API Gateway supports lower cost secondary development
At the same time, allowing developers to carry out custom development at a lower cost has also become the highlight of the next-generation API gateway. Integration is one of the essential functions of API Gateway. For the downstream, it is protocol resolution and protocol conversions, including GraphQL, gRPC, Dubbo, etc.; for the upstream, it integrates Okta, Keycloak, Datadog, and Prometheus for authentication and observability services and the company’s internal certification, logging, auditing, and other services.
The API gateway cannot cover all the components of the integration process. Therefore, it is inevitable for developers to carry out custom development through plugins to meet their own business needs.
Different API gateways provide different programming languages and development methods for custom development. For example, both Apache APISIX and Kong can use Lua to write native plugins, while Envoy uses C++ to write native plugins. At the same time, Apache APISIX can also use Go, Python, Node.js, Java, and Wasm to develop plugins. Almost all developers use one of these mainstream programming languages.

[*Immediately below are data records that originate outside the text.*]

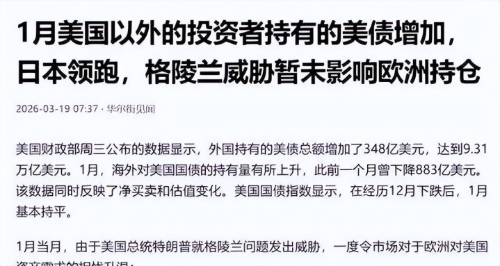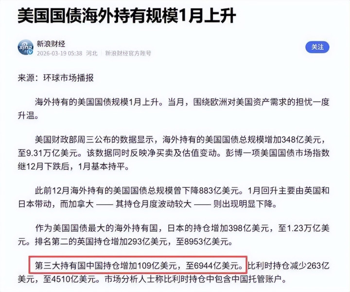 好意思国财政部高调告示了一组数据:2026年1月,中国增持了109亿好意思元好意思债,持仓回升至6944亿好意思元。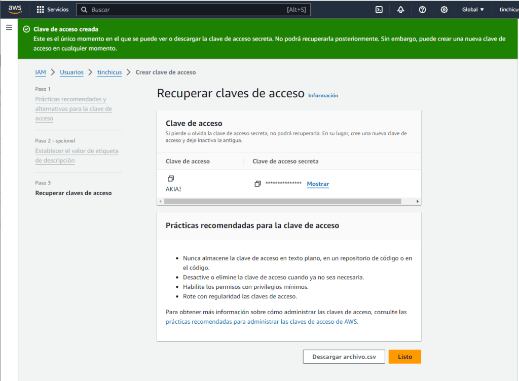Ahi veremos a la clave de acceso y la clave secreta, estos dos valores son los que usaran para poder acceder a los distintos servicios de AWS mediante las API que generen o utilicen. Estas deben almacenarlas, traten de seguir los tips que indica debajo de estas, y no los pierdan porque como indica arriba no se pueden recuperar las mismas pero si se pueden generar nuevamente con los pasos anteriores. Con todo esto comentado presionenn listo y ya queda completamente generada nuestra clave de acceso. Ahora en la consola veran la nueva clave que generaron y nos dara la opcion de poder generar una nueva en caso de necesitar otro tipo de acceso. Por esta razon es bueno asignarle una etiqueta para saber que acceso nos brinda cada clave.
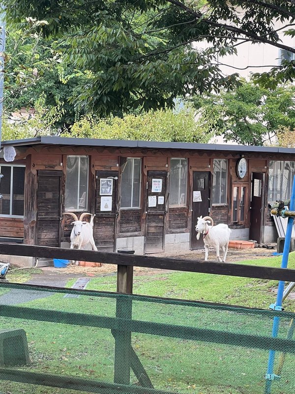 学校の中庭にヤギがいる、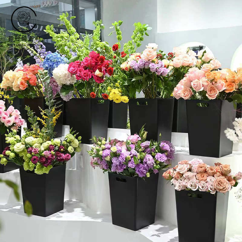 シンプルなダブルハンドルの花のバスケットの箱の花の花束は鉢植えの贈り物の箱の花の芸のバラの花の手提げの包装箱を持ちます。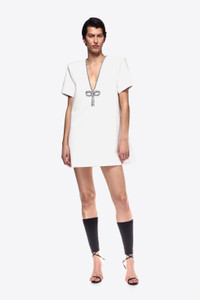 Ponte jersey v-neck t-shirt dress. Features crystal bow detail at front center and crystal trim. Available in White, Pale Pink and Black. - 67% Rayon, 28% Nylon, 5% Elastane - Dry Clean Only - Model is 5'11.5" and wears a size S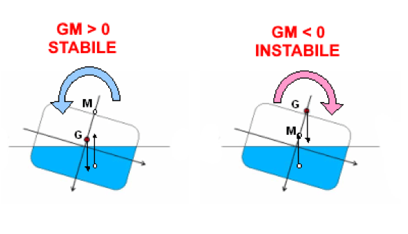 Se chiamiamo GM il segmento che va da G ad M, nel primo caso della figura l’azione della coppia delle forze, pari al peso della nave, fa raddrizzare la nave, che è stabile.

Open source and easy custom development are the most important features of the next-generation API gateway. They provide more choices for developers. In the meanwhile, developers can confidently use API gateway in a multi-cloud or hybrid cloud environment, without worrying about being locked in by cloud service providers.
Example: API Gateway for Black Friday Traffic
Next, let us explain what an API Gateway does with a concrete example.

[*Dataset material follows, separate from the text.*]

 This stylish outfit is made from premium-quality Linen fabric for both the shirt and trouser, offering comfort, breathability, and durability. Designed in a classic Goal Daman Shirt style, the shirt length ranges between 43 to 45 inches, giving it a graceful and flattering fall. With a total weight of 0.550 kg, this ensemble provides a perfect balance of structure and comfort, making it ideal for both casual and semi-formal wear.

On Black Friday, e-commerce companies will have lots of promotions, and the volume of API requests during this period is dozens of times higher than usual. First, let’s take a look at what the technical architecture would be if there were no API Gateway:
As you can see from the image above, the authentication and logging functions are duplicated in the Order and Payment services. An e-commerce service generally consists of thousands of different services. At this time, much of the codes and procedures will be repeated.
The following figure is the architecture diagram after adding the API gateway:
As you can see from the above, we have integrated the common services at the API gateway layer. As a result, back-end services only need to focus on their own business, providing more possibilities for elastic scaling.
When the promotion starts, millions of API requests from clients pour into the API gateway, and the back-end service needs to perform fast elastic scaling. To protect critical businesses from being affected by sudden traffic, we need to identify malicious crawlers on the API gateway and implement the throttling, service downgrading, and circuit breaking.
We can also temporarily shut down some services, such as product evaluation, express delivery inquiries, etc. However, core businesses such as inventory information, purchase, and payment must not fail. Therefore, we need to manage the container service through K8s and generate more service copies to maintain its proper operation. At this time, the API gateway needs to route the client’s API request to the newly copied replica service and automatically remove the faulty service, as shown in the following figure:
In summary, API Gateway is not a new middleware. However, it has gained more and more importance as technical architectures evolve and products iterate at a faster and faster pace. The emergence of the next-generation cloud-native API gateway solves the pain points of enterprise users in terms of cluster management, dynamics, ecosystem, observability, and security.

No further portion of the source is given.